During all of this, my mind was moving a thousand miles a minute trying to figure out what to do. One of the overwhelming feelings I had was that I wanted to get her to the Netherlands, and so, through Frank, I was able to get in contact with SOS International, an organisation that specialises in repatriation of the ill and the dead. Sadly, they can only do something once they have an accurate assesment of what the problem is with the patient. That was taking some time, and so I waited. Meanwhile, the news was spreading among my friends as I was frantically trying to figure out the logistics of getting my mother back to .nl until Jan joined me and said that there wasn’t a doctor in the world that would dismiss my mother in her current state. He had a point, but I didn’t want to admit it. Admitting it would mean I had to stay in Italy with my mother until a) her situation improved to the point where she could travel or b) her situation deteriorated to the point where she would die. Neither seemed very appealing. Waiting isn’t appealing.

When the doctor finally came to see her, armed with the blood tests and x-rays they took. He didn’t speak any English, but Jan was there to translate. He asked a bunch of questions, especially about the medication she was taking. She has brain, lung, liver, bone and stomach cancer, so naturally she is taking some pills. After some back and forth he concluded that the first order of business was to get her off the medication. Amongst the medication are two substances – Lyrica and Methadon – that have an affect on the respitory system, and Methadon especially, when taking high doses, cause the patient to become drowsy. He thought that she was simply taking too much medication, which resulted in the symptoms she was afflicted by. He was going to stop the medication (or at least some of it) only administering it when she was in pain. Hopefully she will show signs of improvement in the morning. She has until thursday to be well enough to travel because that’s when our return flight departs. That would be sweet, but I’m being cautiously optimistic now, which is a shite side better than I was during most of the day.
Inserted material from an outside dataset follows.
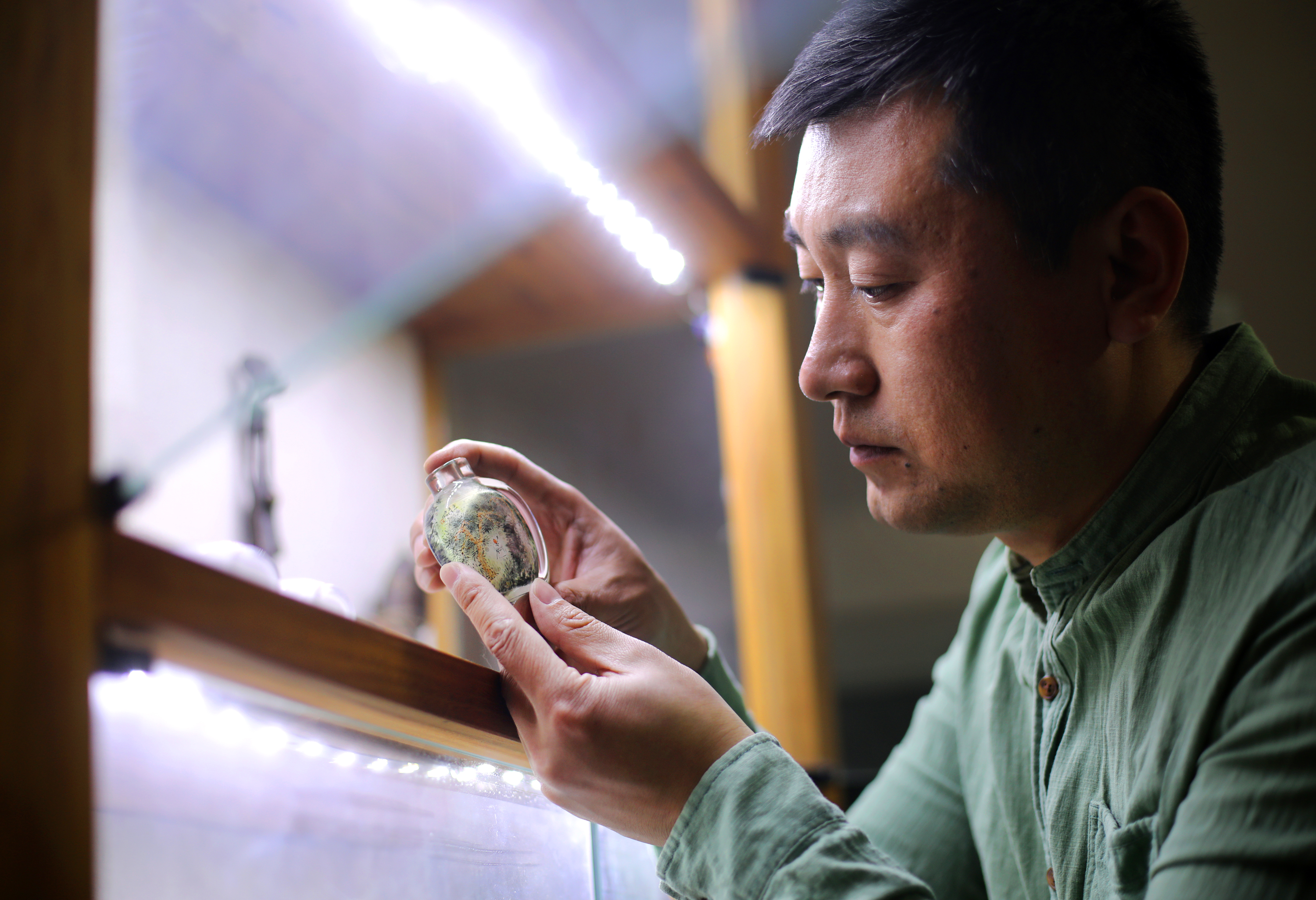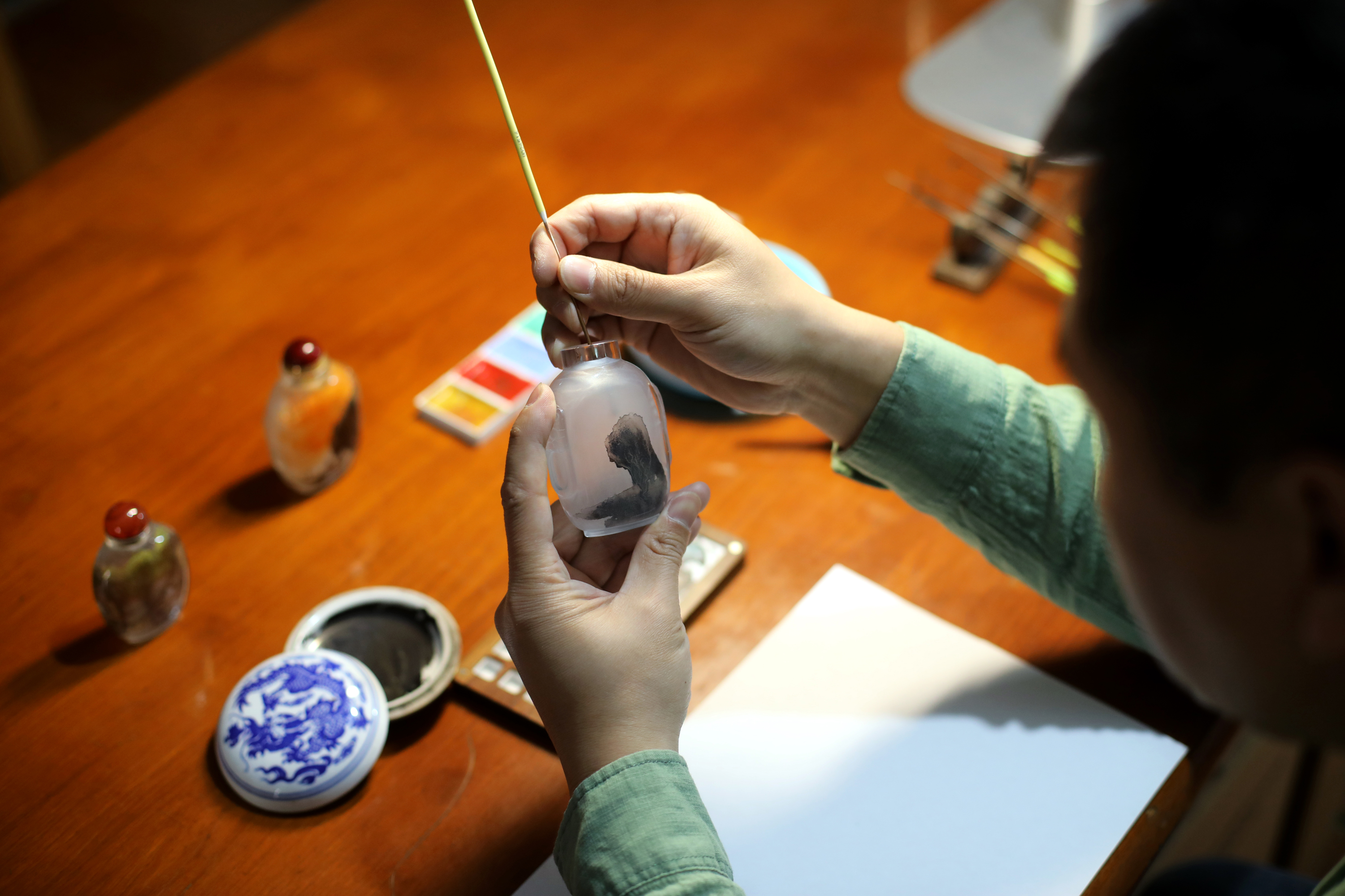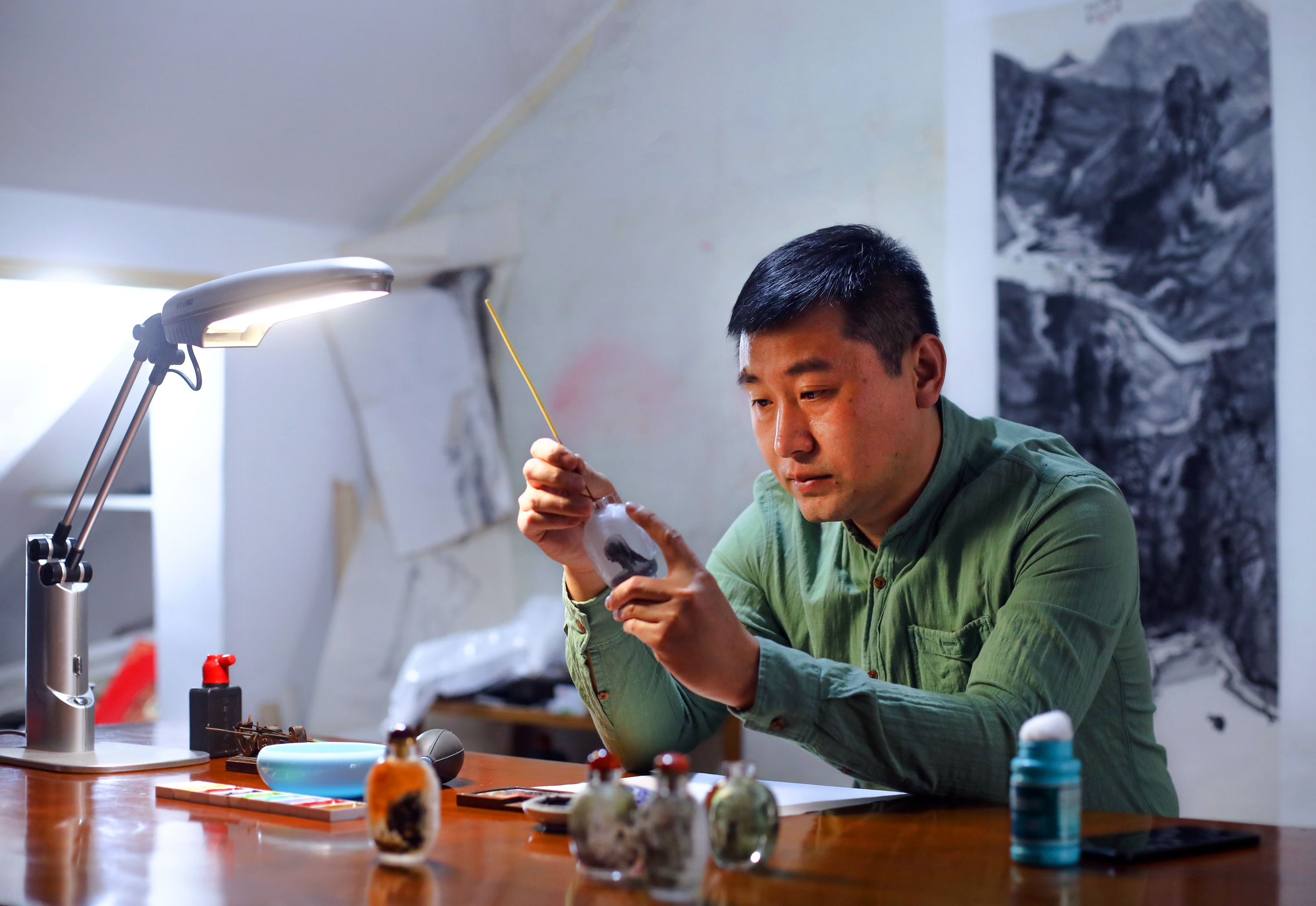 内画艺术,其难点就在于在狭小的空间内反手作画,对技巧、耐心与专注力都有着极高的要求。在这个追求速度与效率的时代,苑仕甲却能坚守内心,专注于这门传统技艺。

The idea of her being over-medicated was corroborated by my sister, who said that her personal physician, who is of the opinion that in the state she’s in right now she should never feel a bit of pain, said that once she got lethargic they could no longer up the dossage of pain medication and the next step would be euthenasia, according to her wishes. Sadly, that’s not an option in Italy. Italy will probably be the last country on the planet that will legalise euthenasia, which is another reason I want to get her back .nl side.

I’m keeping all my fingers and toes crossed, and hope she won’t feel lonely or scared in the hospital until tomorrow. Luckily, Tina has a night-shift that starts at 22:00 and ends at 8:00, and will be able to go and check up on her regularly. Jan is working from 6:00 til 14:00, and will be able to do the same. I want to go tomorrow, too. Hopefully better rested, better dressed (I just threw something on), showered and fed, because this day killed me. I had half a sandwich and a bit of coke all day. Luckily, I smell Jan’s wonderful cooking and my stomach is growling.